▶ [Task item]
Lift every line from the entries that includes the word "with".

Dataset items
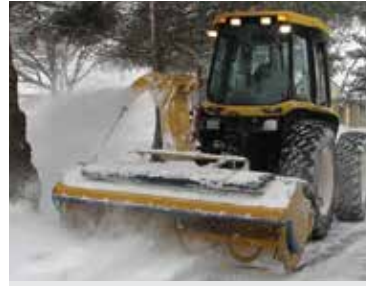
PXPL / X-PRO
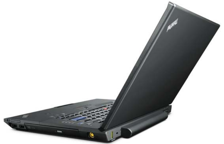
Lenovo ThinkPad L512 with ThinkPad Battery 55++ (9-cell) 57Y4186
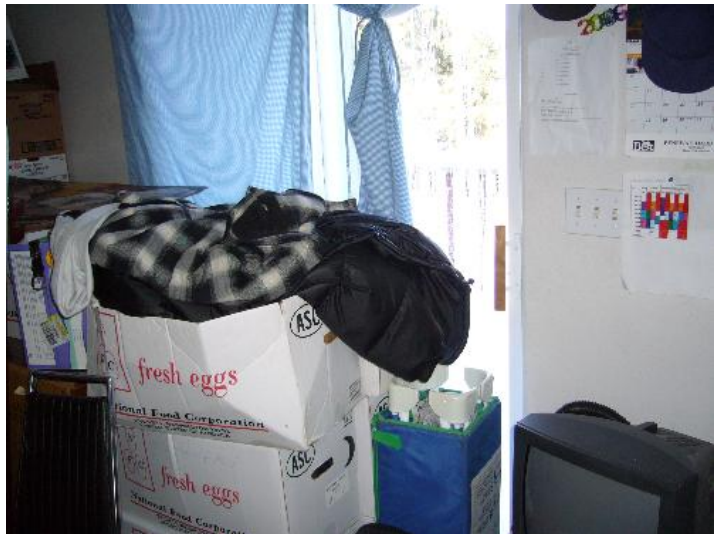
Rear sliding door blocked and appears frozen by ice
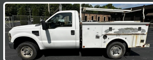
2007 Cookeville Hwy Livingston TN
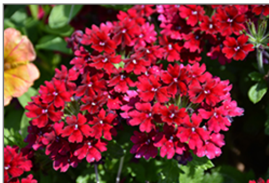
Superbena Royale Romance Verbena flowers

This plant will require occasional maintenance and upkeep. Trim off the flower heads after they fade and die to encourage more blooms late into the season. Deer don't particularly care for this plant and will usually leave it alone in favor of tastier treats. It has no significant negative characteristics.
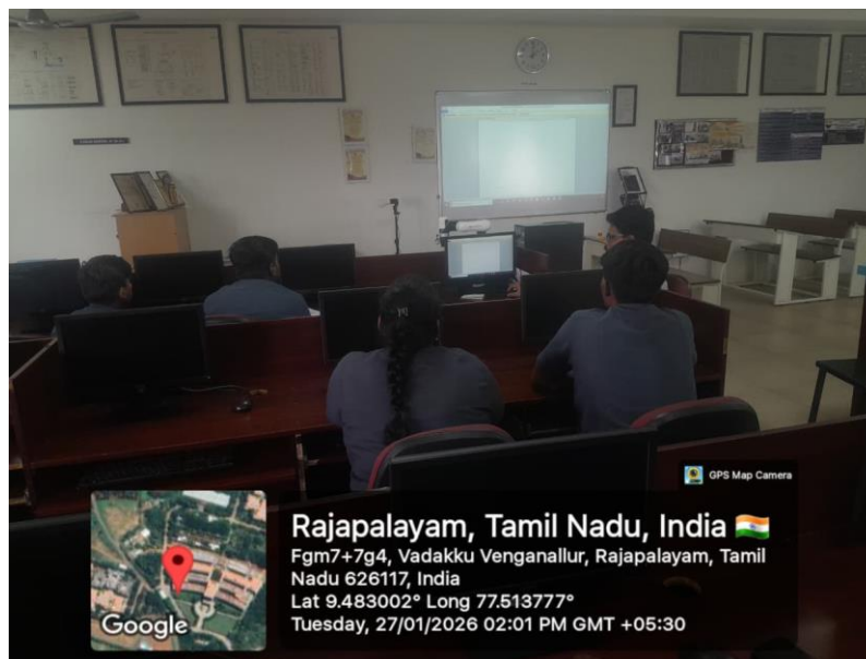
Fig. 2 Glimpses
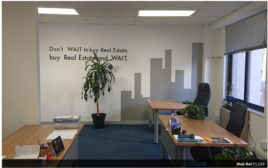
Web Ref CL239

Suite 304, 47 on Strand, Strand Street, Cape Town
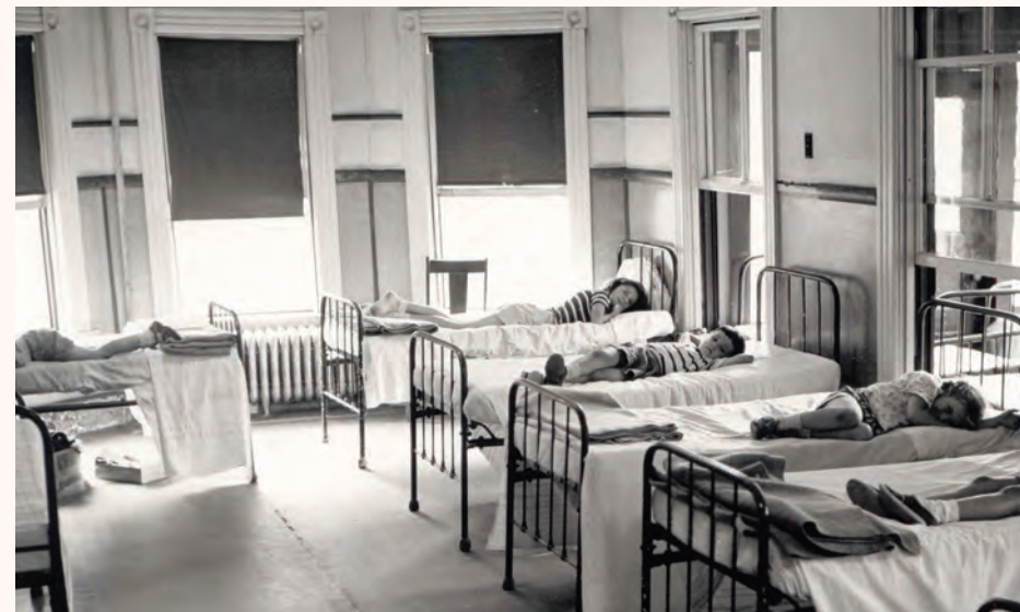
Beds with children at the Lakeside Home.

▶ [Output of the task]
Lenovo ThinkPad L512 with ThinkPad Battery 55++ (9-cell) 57Y4186
Beds with children at the Lakeside Home.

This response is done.